The House Ways and Means Committee sent bill H.R. 4718 to the floor in May. A yes-vote is expected from the Republican-controlled House, but it’s unclear when or how the bill might move toward a vote in the Senate.
Rep. Pat Tiberi (R., Ohio) sponsored the House bill and said making bonus depreciation permanent “helps grow the economy and encourages job growth.” The extension of the tax deduction could cost about $262.9 billion in lost tax revenue over the next decade, according to estimates from The Joint Committee on Taxation. (…)
“Making a Market Call”
Actually, making two calls: This is on July 3rd via Barron’s:
“The jobs report was pretty darn good,” Jeff Saut, the St. Petersburg, Florida-based chief investment strategist at Raymond James Financial Inc., said in a phone interview. He helps oversee about $450 billion. “We’re going to get a multiple expansion. Earnings are going to continue to come in better than expected. We’re in a secular market that has years left to run.”

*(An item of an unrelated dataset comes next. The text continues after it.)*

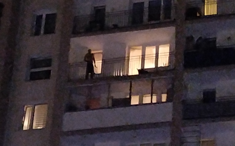 Uzbrojony w nóż mężczyzna, pojawił się za barierkami balkonu około godziny 21.
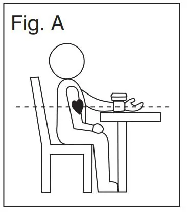 - Place your elbow on a table so that the cuff is at the same level as your heart as shown in Fig. A. Relax your entire body, especially between your elbow and fingers.

This Saut again is on July 7 via GreenLight Advisors:
(…) I have revisited the summer of 2011 because I have been getting similar readings for a pickup in volatility arriving in mid-July 2014, very much like what we saw in June of 2011. Moreover, the stock market’s internal energy readings are likewise at levels last seen during the summer of 2011. Now history doesn’t necessarily repeat itself, but it does indeed sometimes rhyme. Accordingly, I am making a “call” for the potential of the first decent pullback of the year to begin in mid-July or early August; and am recommending culling non-performing stocks from portfolios to raise cash. If said decline fails to materialize, we can always recommit the cash to more favorable situations because longer-term I believe this secular bull market has years left to run.
But, in truth, what is exactly a “call for a potential pullback…”? Fully hedged!